Understanding colour

Light, stimulating the retina of the eye, is what creates our perception of colour. Without light there is no colour, and light reflects how we see colour. Because colour is so powerful we tend to look for rules for its use, but there are no hard and fast rules. How you use colour is a very individual and creative choice, but understanding how colour works will help you use it more effectively.

Understanding colour

Properties of colour

Warm and cool colours
Cool - Blues and greens can introduce a cool mood into a room. The level of coolness will depend on the intensity of the colours. Cool colours may also be used to change the appearance of a room, pushing back walls and furnishings and making the room appear more spacious. They look best in a room with a sunny exposure, where the colours counteract some of the strength of the direct sun. They should be avoided in shaded rooms.

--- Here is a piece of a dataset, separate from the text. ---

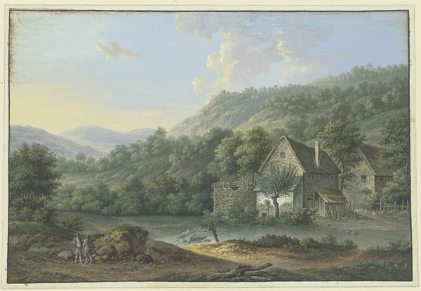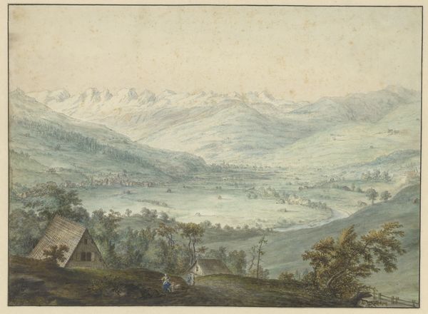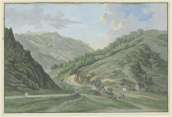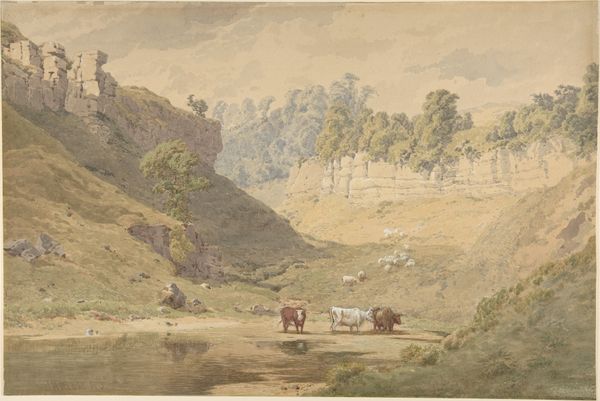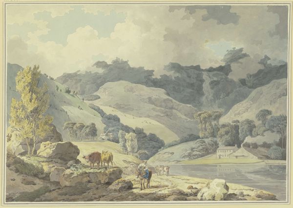 Karl Franz Kraul composed this landscape drawing with delicate colour washes. Notice how Kraul arranges the elements—mountains, a waterfall, figures, and animals—to guide our gaze. The foreground presents us with pastoral tranquility. A gentle stream, grazing cattle, and a figure on horseback create a sense of immediate calm. However, as we move into the midground, a path leads toward a distant, almost ethereal waterfall, partially obscured by clouds, prompting a deeper reflection. The drawing's structure invites us into a visual journey. Light and shadow play across the mountains, creating depth and a sense of the sublime. This use of light, typical of Romantic landscape painting, evokes a sense of awe and the insignificance of humanity in the face of nature. Consider how Kraul uses composition to evoke not just a scene but a dialogue between the immediate and the infinite. The drawing encourages us to consider our place within a grand, natural order, a reflection of the period’s broader philosophical inquiries into nature and existence.

Blues and greens can introduce a cool mood into a room

Warm - Warm colours, such as red and apricot, have an opposite effect, closing in the walls of a room. If the room is large, its dimensions seem decreased. Warm colours look their best in a not so bright room with southern light, so that the bright effect of the sunny colours is not too overbearing.

Guidelines for using colour
Nature conditions us to expect balance and harmony. It offers us guidelines for the use of colour and provides us with some basic principles.

The darkest value at our feet e.g. forest floor, the medium level at eye level e.g. tree trunks, the lightest value above us e.g. sky.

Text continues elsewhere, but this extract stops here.